演算エラーの暴走
「浅野、伏せろ!」
石田の叫びと同時に、ガレージの壁が「剥がれた」。
物理的な破壊ではない。壁を構成していたコンクリートのテクスチャが、まるで古いポスターのように丸まり、その裏側にある黒い虚無が露出したのだ。
襲撃者の一人が、不自然に肥大化した右腕を振り下ろす。
その軌跡に沿って、空間が紙を引き裂いたように歪み、そこから耳を刺すような高周波のノイズが溢れ出した。
「こいつら……人間じゃない。
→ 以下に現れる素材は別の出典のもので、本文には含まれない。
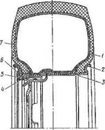 Рис. 224. Колесо с шиной в сборе: 1 — камера; 2 — бортовое кольцо; 3 — ободная лента; 4 — балансировочный груз; 5 — обод колеса; 6 — замочное кольцо; 7 — покрышка Рис. 225. Кран управления давлением воздуха в шинах: 1 — упорная шайба; 2—пружина клапана-ограничителя; — корпус крана; 7—распорное кольцо манжеты; 8—

世界のゴミ箱から生成された、ただの殺意のプログラムだ!」
俺は銀色の筐体を強く押し込み、局所的な「巻き戻し」を試みた。
だが、デバイスは真っ青に発光し、俺の指を焼くほどの熱を発するだけで、時間は1秒たりとも動かない。
「リソースが……足りないのか……!?」
「倫くん、危ない!」
陽が俺を突き飛ばす。
直後、彼女の足元の床が消失した。
陽の体が宙に浮く。重力演算が死んでいる。彼女は悲鳴を上げることもできず、水中にいるかのようにゆっくりと、天井に向かって「落ちて」いく。
「陽!」
俺は手を伸ばしたが、指先が彼女に触れる直前、空間に巨大な警告ダイアログのような赤い文字が浮かび上がった。
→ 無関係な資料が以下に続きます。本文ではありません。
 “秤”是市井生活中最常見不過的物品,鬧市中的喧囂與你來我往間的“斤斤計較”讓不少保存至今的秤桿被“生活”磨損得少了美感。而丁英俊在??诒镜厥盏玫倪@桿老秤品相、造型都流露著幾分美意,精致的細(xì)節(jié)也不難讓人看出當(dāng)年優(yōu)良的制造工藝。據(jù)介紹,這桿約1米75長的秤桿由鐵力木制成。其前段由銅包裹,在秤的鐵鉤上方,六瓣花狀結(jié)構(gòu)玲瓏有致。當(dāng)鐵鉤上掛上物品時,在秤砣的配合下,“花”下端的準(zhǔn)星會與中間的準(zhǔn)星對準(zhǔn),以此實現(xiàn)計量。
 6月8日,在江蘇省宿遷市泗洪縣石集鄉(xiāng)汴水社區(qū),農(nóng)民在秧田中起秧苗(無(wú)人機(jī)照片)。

『Critical Error: Object "Sasaki_Hinata" is not defined.』
「定義されていない……? ふざけるな! 陽はここにいる、俺の目の前にいるんだ!」
俺は叫びながら、無理やりデバイスの基板に指を突っ込んだ。
石田と瑠花が組み上げたこのデバイスは、今や俺の意志という電気信号を媒介に、無理やり世界をレンダリングし直そうとしている。
視界が真っ白に染まる。
俺の脳内に、膨大な量のデバッグログが直接流れ込んできた。
――2026年、横浜。
――総演算量、限界突破。
――未解決の不整合、1,402,839件。
――推奨される処理:全データの初期化。
「……勝手に終わらせてたまるか」
俺は歯を食いしばり、脳を焼かれるような苦痛に耐えながら、陽を包み込んでいる「エラー」のコードを、力技で上書きし始めた。
俺の右手の指先が、デジタルノイズに変わって消失していく。
それでも構わない。
俺という個人のリソースをすべて差し出してでも、この少女の存在を「確定」させてやる。
「倫くん……体が、温かい……」
陽の体がゆっくりと地面に戻ってくる。
だが、その代償として、俺の周囲の風景はさらに崩壊を加速させた。
ガレージの外に広がっていた横浜の街並みは、今や遠くの山々も海も消え失せ、地平線の彼方まで続く真っ白なグリッドの世界へと変貌していた。
石田がモニターを叩き壊すようにして立ち上がる。
「倫! もう限界だ! 世界のシステムそのものが、お前を『最大のバグ』としてロックオンしたぞ!」
ガレージの残骸の向こう、真っ白な空から、巨大な「カーソル」のような光の柱が、俺を目がけて振り下ろされた。
「……やれやれ。本当の戦いは、ここからってわけか」
俺は陽の手を握り直し、消失しかけた右腕を振り上げた。
もはや、隠れてデバッグする段階は終わった。
世界そのものを相手取った、真っ向勝負のハッキングが始まる。